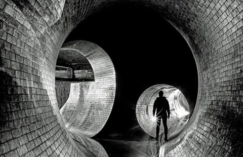 Photographer Mike Deere shot this image in the sewer network beneath River Westbourne, London, where he found parts of abandoned cranes, wells, ventilation shafts, work benches, tools and even the remnants of workers' meals from decades ago. [Photo/icpress.cn]
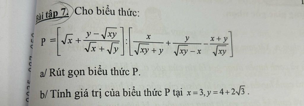 $P=\dfrac{x+\sqrt{xy}+y-\sqrt{xy}}{\sqrt{x}+\sqrt y}):(\dfrac{x}{\sqrt y(\sqrt x+\sqrt y)}+\dfrac{y}{\sqrt x(\sqrt y-\sqrt x)}-\dfrac{x+y}{\sqrt{xy}})$
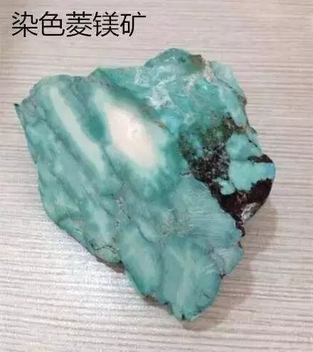 正常情况下,大家不会把它与绿松石混淆,但由于质地稀疏,容易沁入颜色,价格低廉,常被不良商家拿来用作染色注胶处理,以此来冒充绿松石。
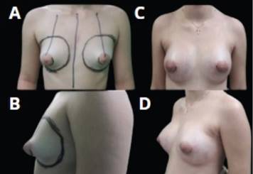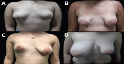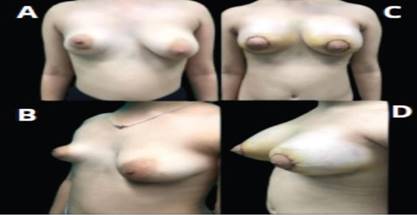 Figura 5. Pre y posoperatorio mastoplastia de aumento bilateral con implante mamario de 300 ml en mama derecha y 190 ml en mama izquierda; A. Preoperatorio vista frontal; B. Preoperatorio vista oblicua izquierda; C. Posoperatorio vista frontal; D. Posoperatorio vista oblicua izquierda
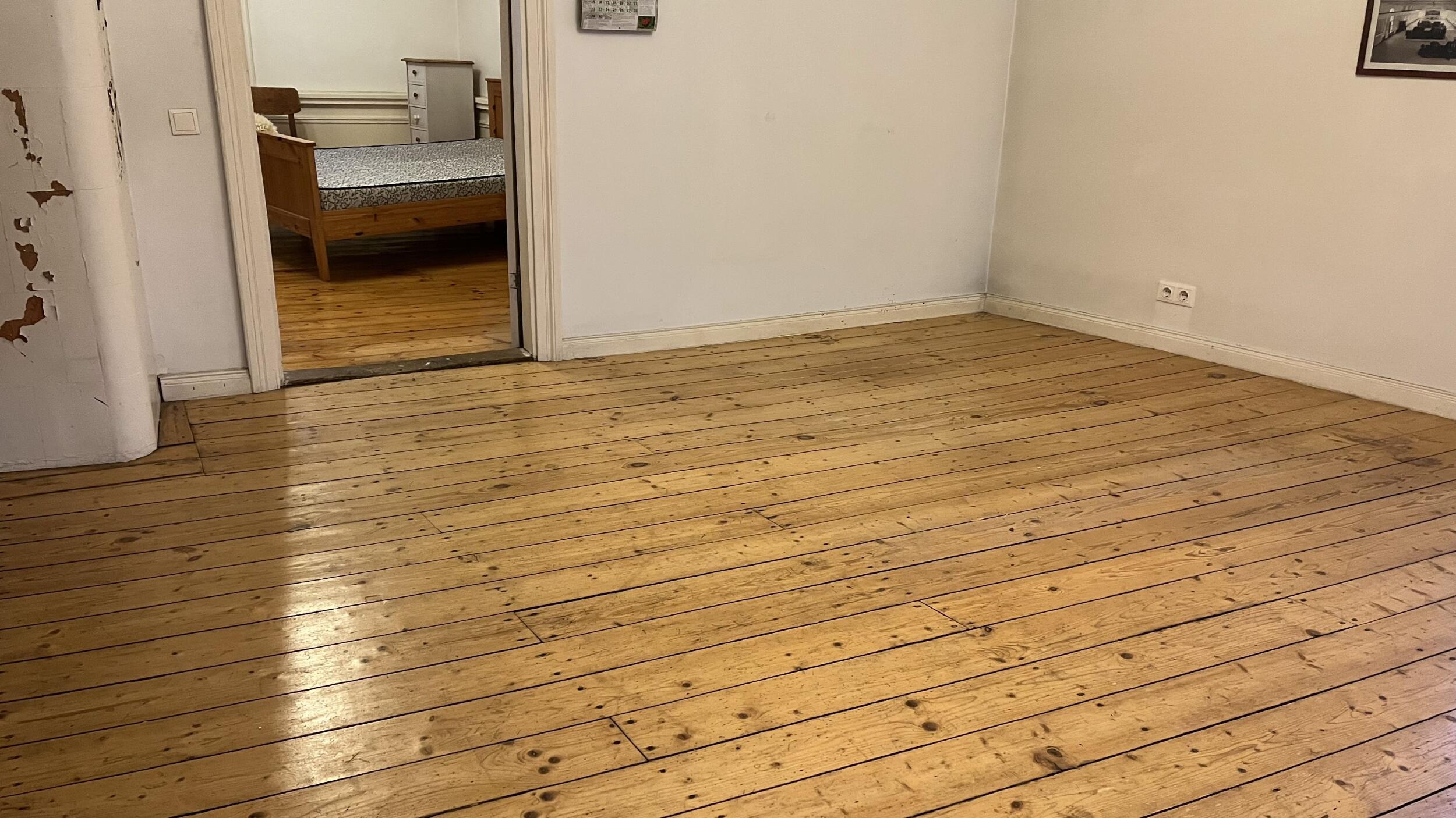 - Kui mõni põrandalaud tuleb välja vahetada, siis peaks uus laud olema võimalikult sarnane olemasolevale - täispuidust kuuse põrandalaud, sarnase laiuse ja paksusega nagu olemasolevad lauad.
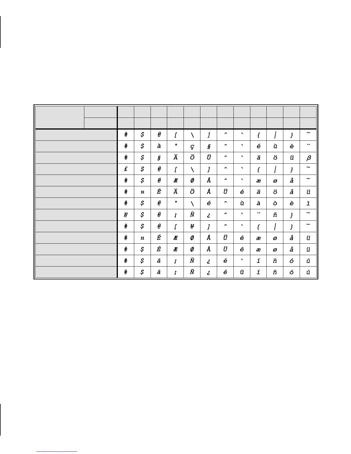 TallyGenicom Matrix Printer - International Substitution Table - italic font
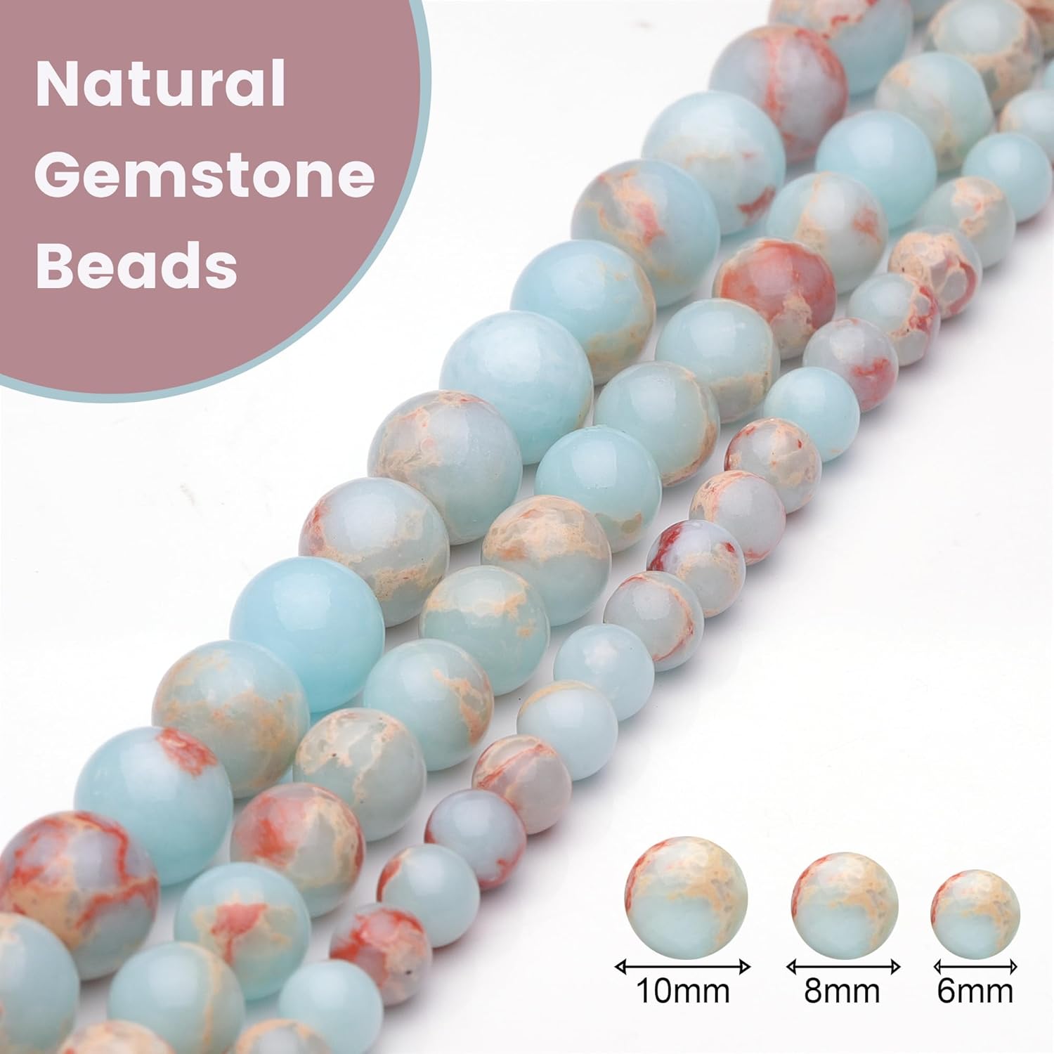 8mm Natural Stone Beads for Jewelry Making,Sky Blue Jasper Polished Smooth Round Gemstone Beads for Bracelet Necklace 15 Inch
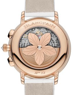 Established in 1735, Blancpain is the oldest watch manufacture in the world, renowned as much for its superlative watches, all created in-house, as for its calibres – 26 innovations over the past seven years. The new Chronographe Grande Date is no exception to this tradition. From the very first glance, the shimmering mother-of-pearl dial reveals two waves of 17 variously-sized diamonds rippling out from the centre. At 12 o’clock, the offset hour and minute display with Roman numerals on a mother-of-pearl dial creates a dynamic counterpoint to the Arabic numerals on the chronograph counters. Twin apertures at 6 o’clock frame the double-disc large date display. The red gold case with diamond-set bezel contains the Blancpain 26F8G calibre with its petal-shaped oscillating weight, visible through the sapphire crystal back.
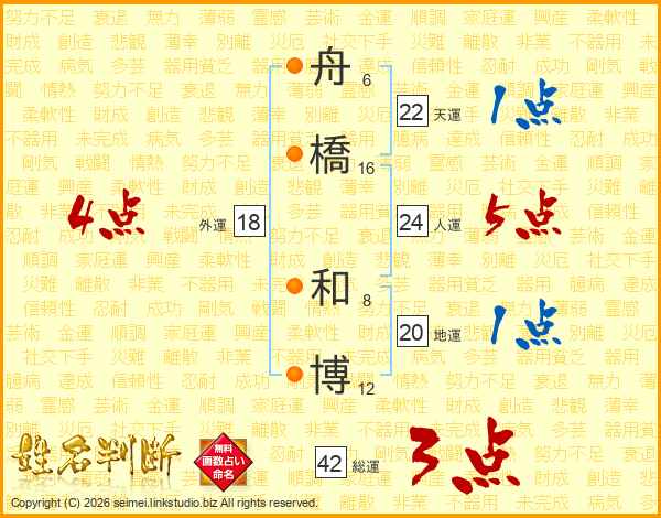 あなたの人生を表す1番重要な運勢です。生涯を通じて影響する総合運となり、主に50歳以降の晩年期に影響を及ぼします。苗字と名前の合計画数。
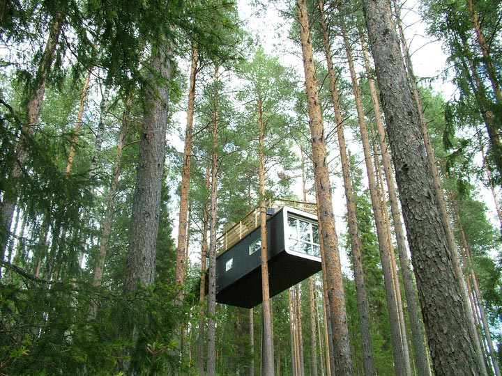 在瑞典北方树林的深处,在接近云端的树梢上,有这样一间房子,它缘起一份友谊,经过天才设计、魔法练就,它完美而纯净。它就是世界上独一无二的树屋酒店。
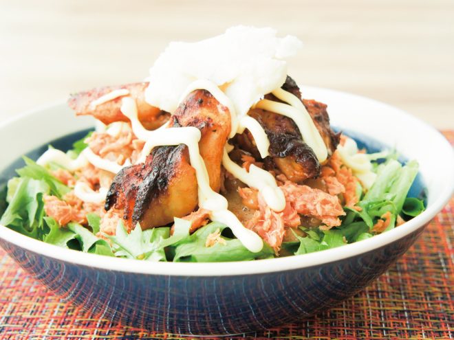 ③シャケフレークとマヨネーズをかけたら、トマトチキンと、ポテトサラダをのせて完成です。
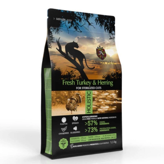 Ambrosia Light Indyk i Śledź - sucha karma dla kotów z nadwagą, po sterylizacji i seniorów 1,5kg
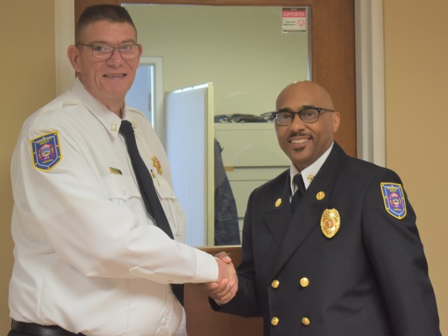 Charles City Director of Fire and EMS James Johnson (right) welcomes Captain George Bridges (left) as part of swearing in ceremonies that took place Monday morning at the Charles City Government and Administration building. The two will assist with the continuing transition of Charles City County having paid firefighters and EMS staff to serve citizens in emergency situations.Robb Johnson photo
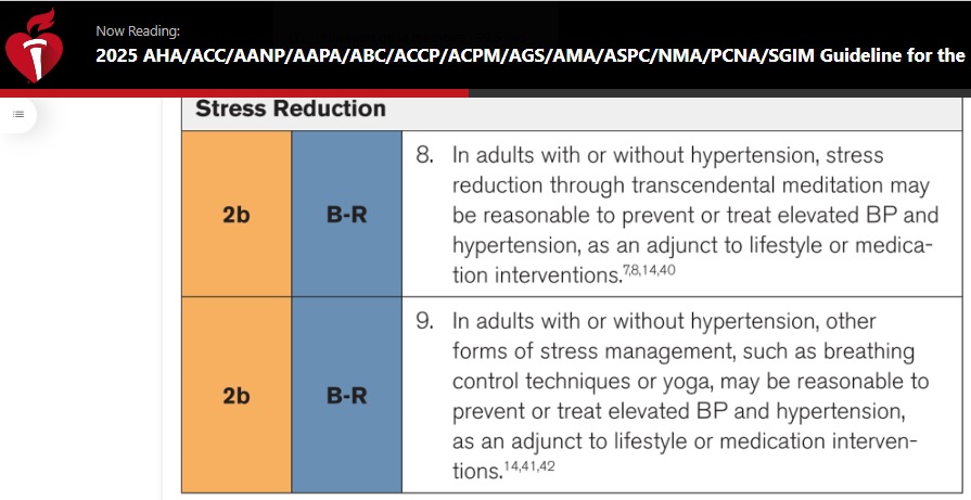 Объединенный комитет по обзору пришел к выводу, что трансцендентальная медитация имеет самые сильные и последовательные научные доказательства среди методов снижения стресса при гипертонии. Это официальное национальное руководство для медицинских работников. Национальные клинические рекомендации рекомендуют трансцендентальную медитацию как научно обоснованную модификацию образа жизни для снижения артериального давления и предотвращения сердечно-сосудистых осложнений и смертности. [a href="https://www.ahajournals.org/doi/10.1161/CIR.0000000000001356" target="_blank">
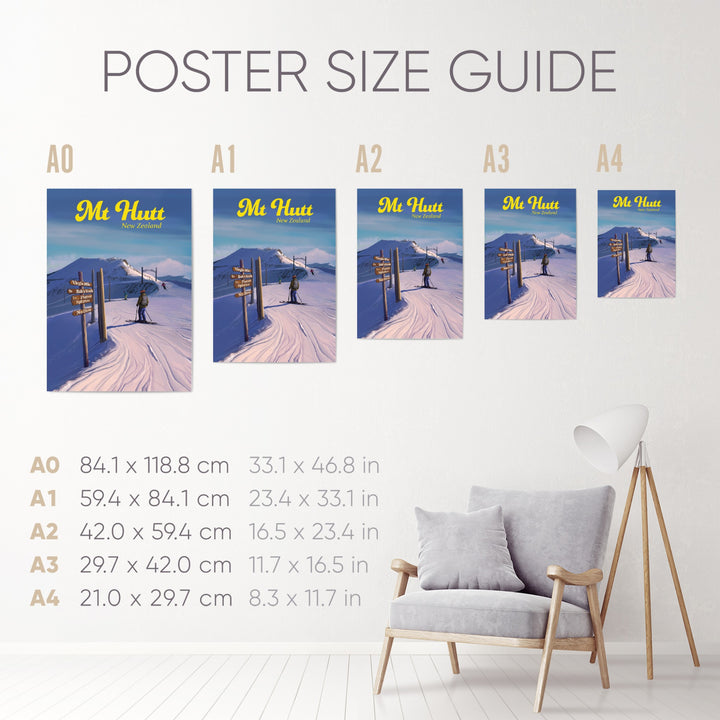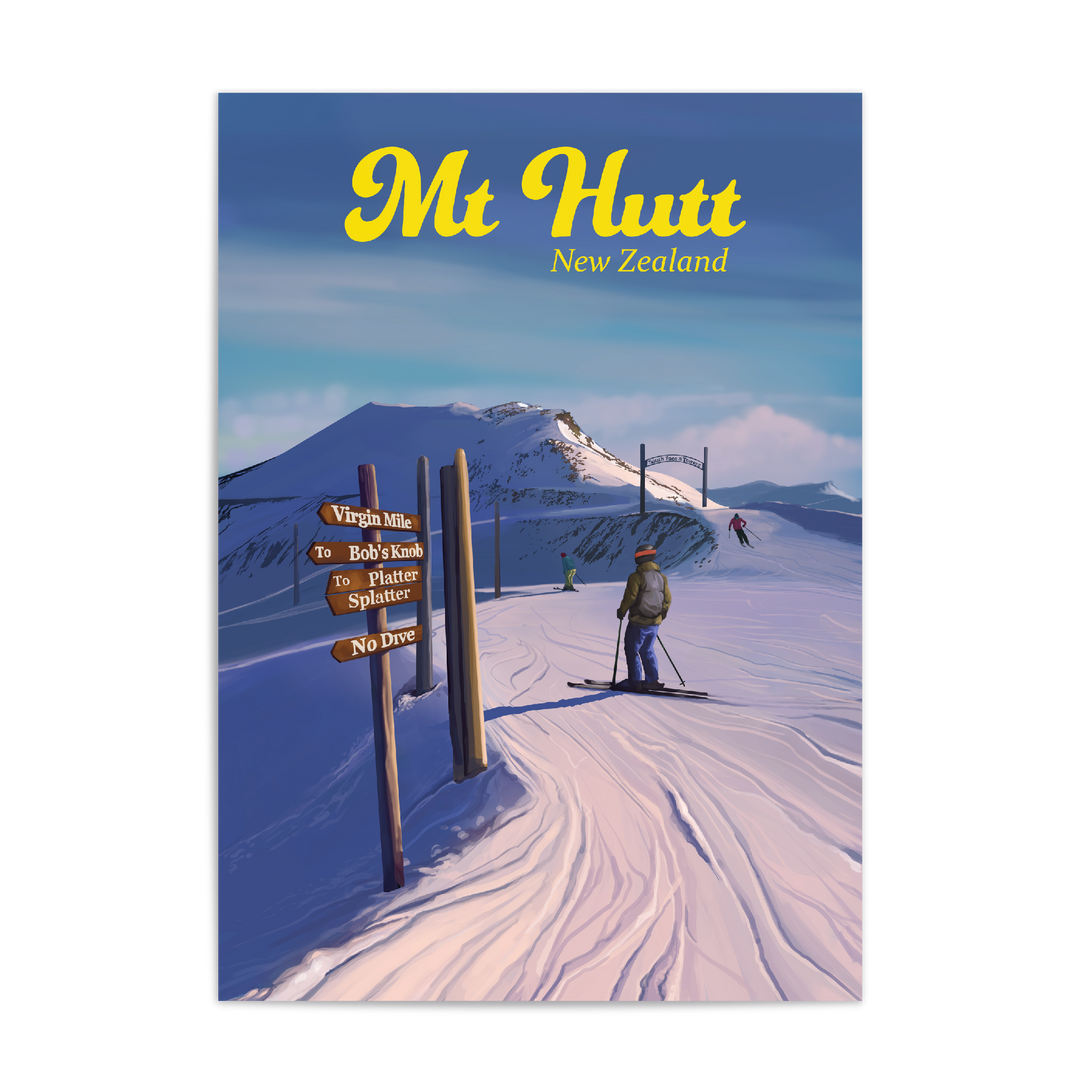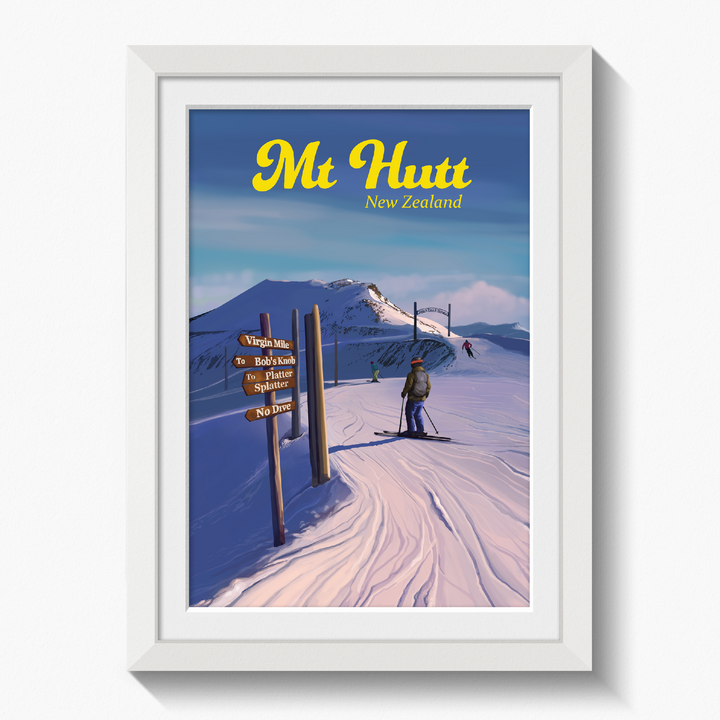 Mt Hutt Ski Resort New Zealand poster.
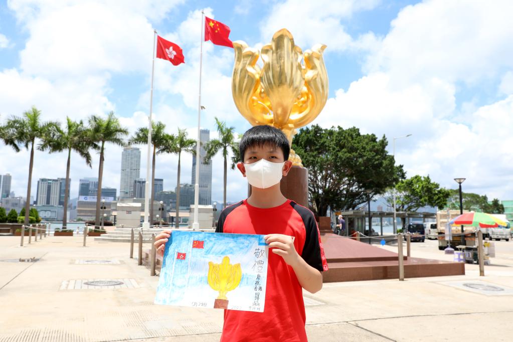 香港小學(xué)生曾祥珂帶著自己的畫(huà)作《敬禮——慶祝香港回歸25周年》,在父母陪伴下來(lái)到金紫荊廣場(chǎng)留影,迎接香港回歸25周年。新華社記者 吳曉初 攝

● **About this task**
Give the entries again exactly. Pictures stay out.

● **Answer area**
 Photographer Mike Deere shot this image in the sewer network beneath River Westbourne, London, where he found parts of abandoned cranes, wells, ventilation shafts, work benches, tools and even the remnants of workers' meals from decades ago. [Photo/icpress.cn]
 $P=\dfrac{x+\sqrt{xy}+y-\sqrt{xy}}{\sqrt{x}+\sqrt y}):(\dfrac{x}{\sqrt y(\sqrt x+\sqrt y)}+\dfrac{y}{\sqrt x(\sqrt y-\sqrt x)}-\dfrac{x+y}{\sqrt{xy}})$
 正常情况下,大家不会把它与绿松石混淆,但由于质地稀疏,容易沁入颜色,价格低廉,常被不良商家拿来用作染色注胶处理,以此来冒充绿松石。
 Figura 5. Pre y posoperatorio mastoplastia de aumento bilateral con implante mamario de 300 ml en mama derecha y 190 ml en mama izquierda; A. Preoperatorio vista frontal; B. Preoperatorio vista oblicua izquierda; C. Posoperatorio vista frontal; D. Posoperatorio vista oblicua izquierda
 - Kui mõni põrandalaud tuleb välja vahetada, siis peaks uus laud olema võimalikult sarnane olemasolevale - täispuidust kuuse põrandalaud, sarnase laiuse ja paksusega nagu olemasolevad lauad.
 TallyGenicom Matrix Printer - International Substitution Table - italic font
 8mm Natural Stone Beads for Jewelry Making,Sky Blue Jasper Polished Smooth Round Gemstone Beads for Bracelet Necklace 15 Inch
 Established in 1735, Blancpain is the oldest watch manufacture in the world, renowned as much for its superlative watches, all created in-house, as for its calibres – 26 innovations over the past seven years. The new Chronographe Grande Date is no exception to this tradition. From the very first glance, the shimmering mother-of-pearl dial reveals two waves of 17 variously-sized diamonds rippling out from the centre. At 12 o’clock, the offset hour and minute display with Roman numerals on a mother-of-pearl dial creates a dynamic counterpoint to the Arabic numerals on the chronograph counters. Twin apertures at 6 o’clock frame the double-disc large date display. The red gold case with diamond-set bezel contains the Blancpain 26F8G calibre with its petal-shaped oscillating weight, visible through the sapphire crystal back.
 あなたの人生を表す1番重要な運勢です。生涯を通じて影響する総合運となり、主に50歳以降の晩年期に影響を及ぼします。苗字と名前の合計画数。
 在瑞典北方树林的深处,在接近云端的树梢上,有这样一间房子,它缘起一份友谊,经过天才设计、魔法练就,它完美而纯净。它就是世界上独一无二的树屋酒店。
 ③シャケフレークとマヨネーズをかけたら、トマトチキンと、ポテトサラダをのせて完成です。
 Ambrosia Light Indyk i Śledź - sucha karma dla kotów z nadwagą, po sterylizacji i seniorów 1,5kg
 Charles City Director of Fire and EMS James Johnson (right) welcomes Captain George Bridges (left) as part of swearing in ceremonies that took place Monday morning at the Charles City Government and Administration building. The two will assist with the continuing transition of Charles City County having paid firefighters and EMS staff to serve citizens in emergency situations.Robb Johnson photo
 Объединенный комитет по обзору пришел к выводу, что трансцендентальная медитация имеет самые сильные и последовательные научные доказательства среди методов снижения стресса при гипертонии. Это официальное национальное руководство для медицинских работников. Национальные клинические рекомендации рекомендуют трансцендентальную медитацию как научно обоснованную модификацию образа жизни для снижения артериального давления и предотвращения сердечно-сосудистых осложнений и смертности. [a href="https://www.ahajournals.org/doi/10.1161/CIR.0000000000001356" target="_blank">
 Mt Hutt Ski Resort New Zealand poster.
 香港小學(xué)生曾祥珂帶著自己的畫(huà)作《敬禮——慶祝香港回歸25周年》,在父母陪伴下來(lái)到金紫荊廣場(chǎng)留影,迎接香港回歸25周年。新華社記者 吳曉初 攝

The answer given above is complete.